I traveled between Oakland and San Francisco more than once during my recent visit, each time but one taking a BART train, which is quite convenient. But on that Friday, I wanted to take the ferry to SF. The day was clear and warm, just right for a quick trip across the Bay.
Got a good view of downtown Oakland from the back of the ferry.
Along with a look at the port of Oakland and its infrastructure.
Interestingly, BART is above ground after it crosses over to western Oakland, so you can see the port — the same vast array of towers and containers — from the land as well.
Fairly close to the end of the run, the ferry passes under the San Francisco-Oakland Bay Bridge.
In the tourist imagination, it’s the neglected cousin of the Golden Gate Bridge, dating from the 1930s as well. Tourist shops still sell postcards near Fisherman’s Wharf, and I had an opportunity to look at some of their racks. The Golden Gate Bridge is a common image, maybe the most common for cards of San Francisco. The Bay Bridge? Very few.
What the bridge needs is a little color. Painting the entire thing a new color would probably be cost prohibitive, but what about painting the central anchor between the two spans of the western section of the bridge (between Yerba Buena Is. and downtown San Francisco)? Or maybe hiring some big-deal artist to put a highly visible work on it. The anchor is pretty dowdy as it is.
Also, name the bridge after the Emperor Norton. After all, in a series of far-sighted decrees in the late 19th century, Norton I ordered that a bridge be built in that very spot.
The first such decree, in 1872:
Whereas, we observe that certain newspapers are agitating the project of bridging the Bay; and whereas, we are desirous of connecting the cities of San Francisco and Oakland by such means; now, therefore, we, Norton I, Dei gratia Emperor… order that the bridge be built from Oakland Point to Telegraph Hill, via Goat Island [Yerba Buena].

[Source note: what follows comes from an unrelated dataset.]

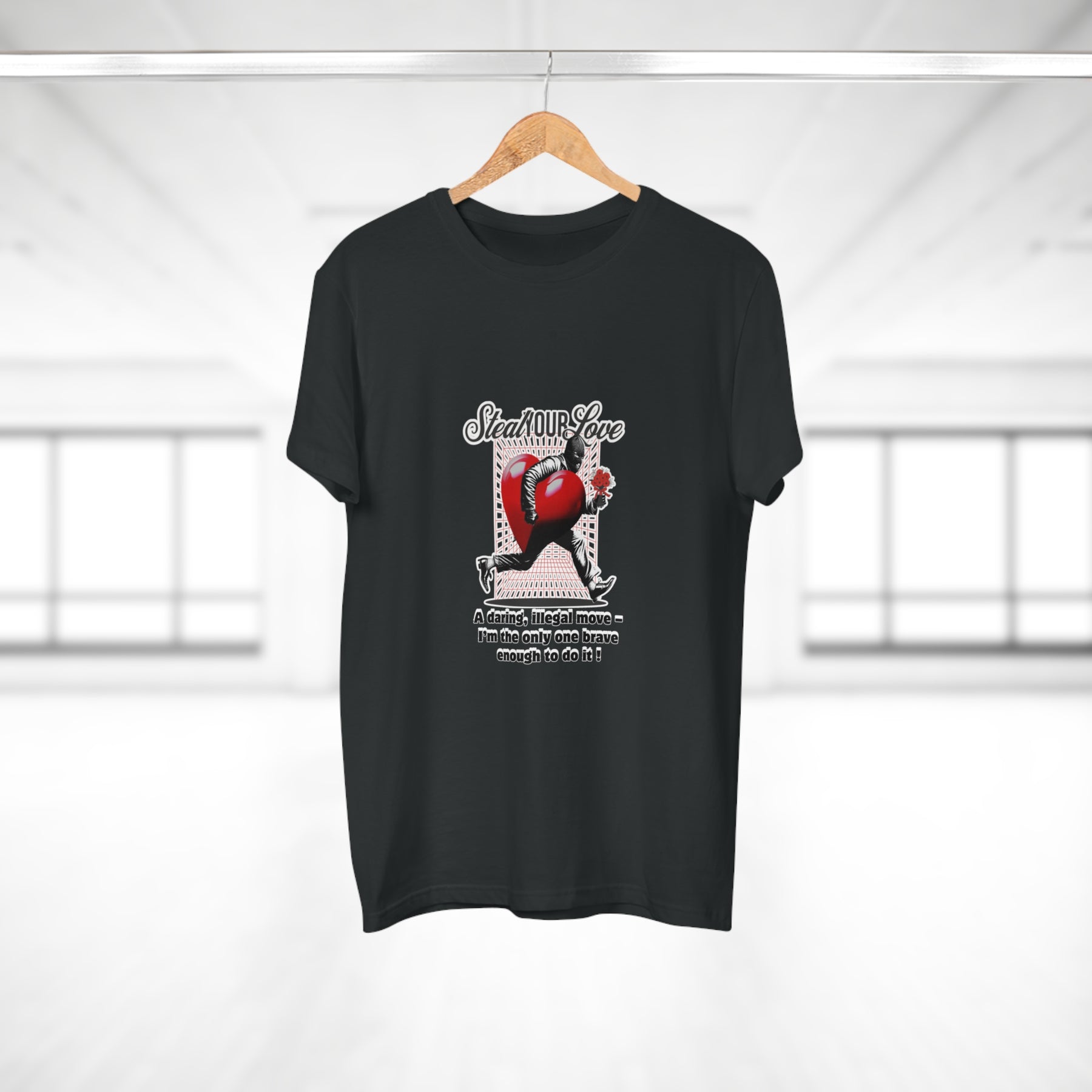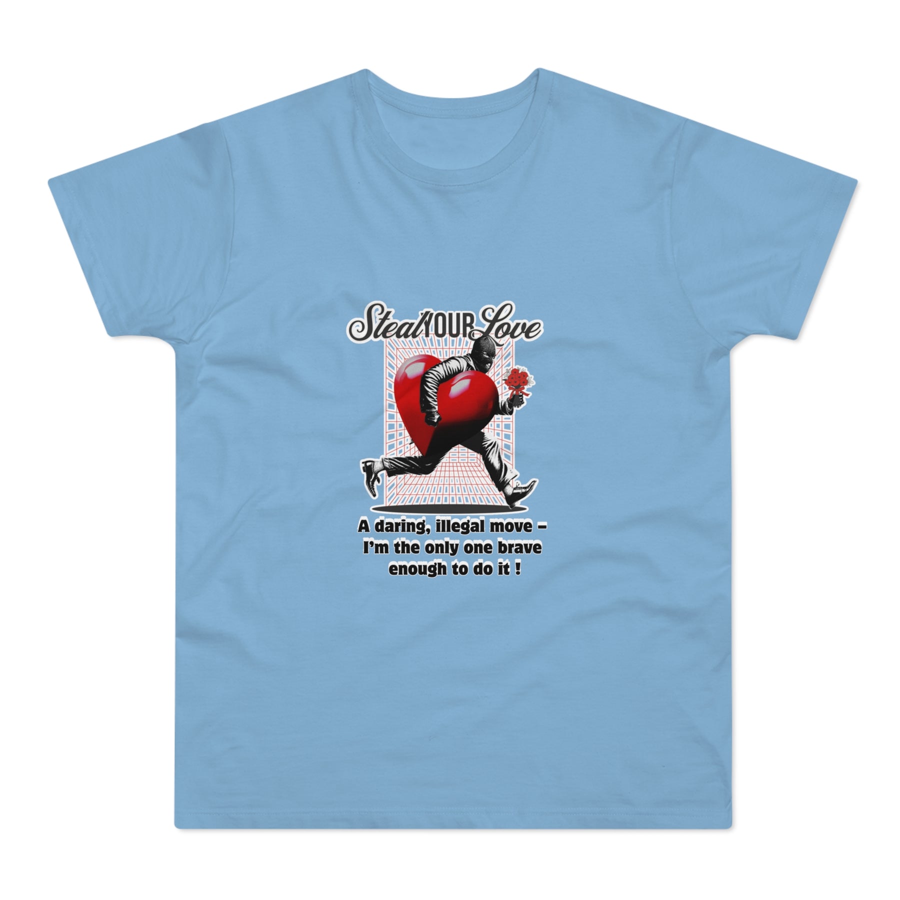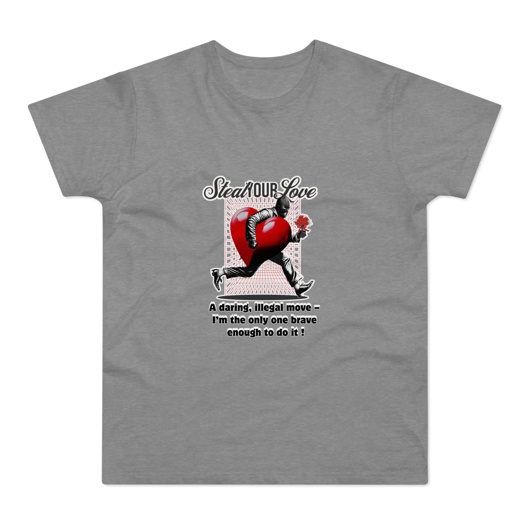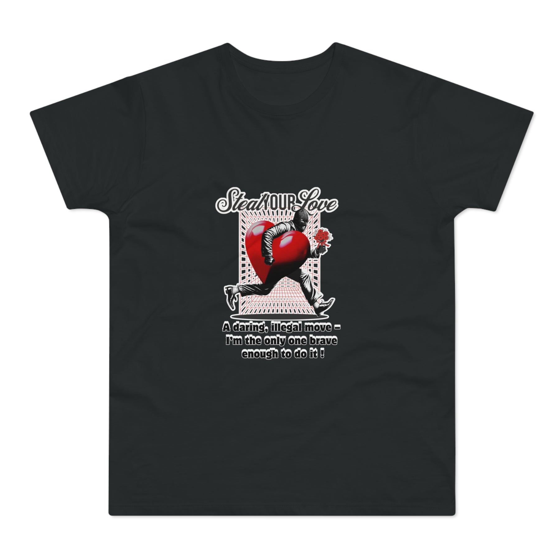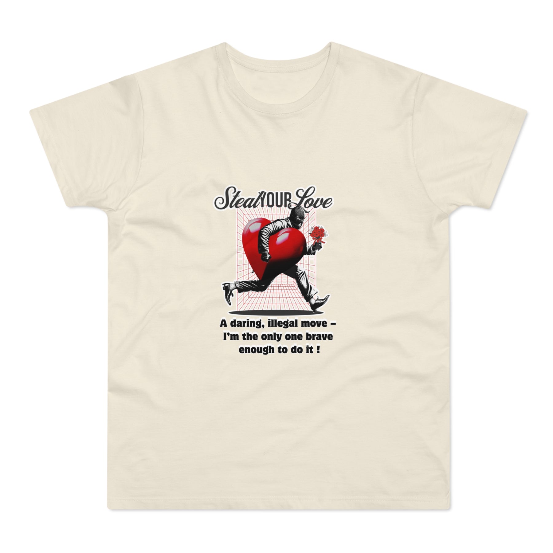 A cheeky crime of the heart: This shirt tells the story of someone brave enough to risk it all for love. The heart thief with a flower captures charm, wit, and a touch of rebellion. A perfect design for anyone who believes that true love is worth the risk – and maybe even a little mischief.

There were three such proclamations.
A naming hasn’t happened yet, but the good people of the Emperor Norton Trust are working on it.
The ferry takes you to the Ferry Building, fittingly enough, along the Embarcadero, with its handsome clocktower, a late 19th-century design (but after Norton’s time) by A. Page Brown. The clocktower is reportedly patterned after the 12th-century Giralda bell tower in Seville, Spain.
The Ferry Building interior is also handsome, sporting a large food hall, the creation of an early 21st-century restoration of the building. Unfortunately, my pancake brunch meant I had no appetite to try anything there.
“Opening in 1898, the Ferry Building became the transportation focal point for anyone arriving by train,” the building’s web site says.
“From the Gold Rush until the 1930s, arrival by ferryboat became the only way travelers and commuters – except those coming from the Peninsula – could reach the city. Passengers off the boats passed through an elegant two-story public area with repeating interior arches and overhead skylights. At its peak, as many as 50,000 people a day commuted by ferry.”
For years, the Embarcadero Freeway obscured the view of the building. No wonder I didn’t remember seeing it before. Why did anyone think building a freeway in front of this building and part of the Embarcadero was a good idea? Well, Nature took care of that bad idea in 1989.